■ **Task brief**: Starting at the line below with "El descenso en" and stopping at the line with "В Челябинске в", please print each line exactly, those two included, and skip every picture.

■ **Exercise data**:
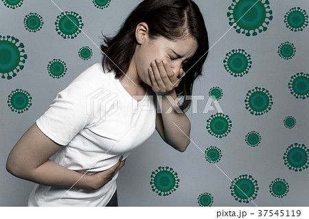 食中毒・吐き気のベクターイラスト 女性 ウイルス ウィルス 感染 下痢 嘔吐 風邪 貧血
==
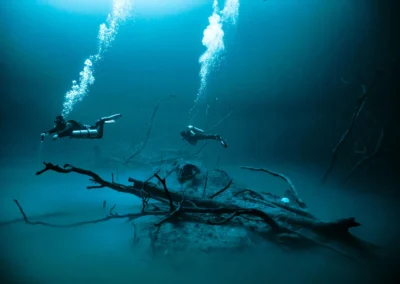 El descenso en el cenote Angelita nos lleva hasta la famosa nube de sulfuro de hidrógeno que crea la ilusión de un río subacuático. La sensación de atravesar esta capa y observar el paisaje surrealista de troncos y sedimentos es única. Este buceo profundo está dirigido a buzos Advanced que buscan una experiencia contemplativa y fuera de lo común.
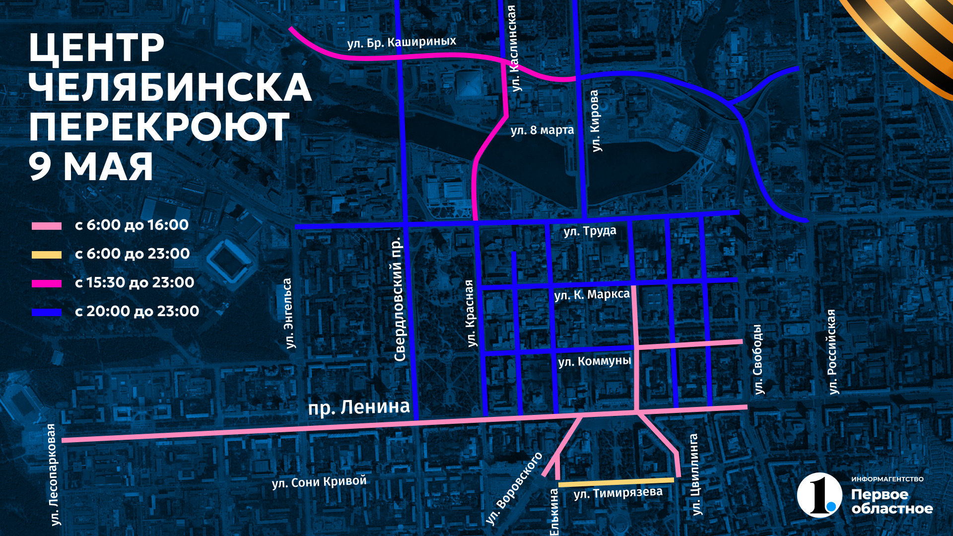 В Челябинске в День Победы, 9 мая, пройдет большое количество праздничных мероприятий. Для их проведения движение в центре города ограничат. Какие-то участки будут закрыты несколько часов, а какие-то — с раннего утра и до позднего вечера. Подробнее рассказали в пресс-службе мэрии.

■ **Response to this task**:
 El descenso en el cenote Angelita nos lleva hasta la famosa nube de sulfuro de hidrógeno que crea la ilusión de un río subacuático. La sensación de atravesar esta capa y observar el paisaje surrealista de troncos y sedimentos es única. Este buceo profundo está dirigido a buzos Advanced que buscan una experiencia contemplativa y fuera de lo común.
 В Челябинске в День Победы, 9 мая, пройдет большое количество праздничных мероприятий. Для их проведения движение в центре города ограничат. Какие-то участки будут закрыты несколько часов, а какие-то — с раннего утра и до позднего вечера. Подробнее рассказали в пресс-службе мэрии.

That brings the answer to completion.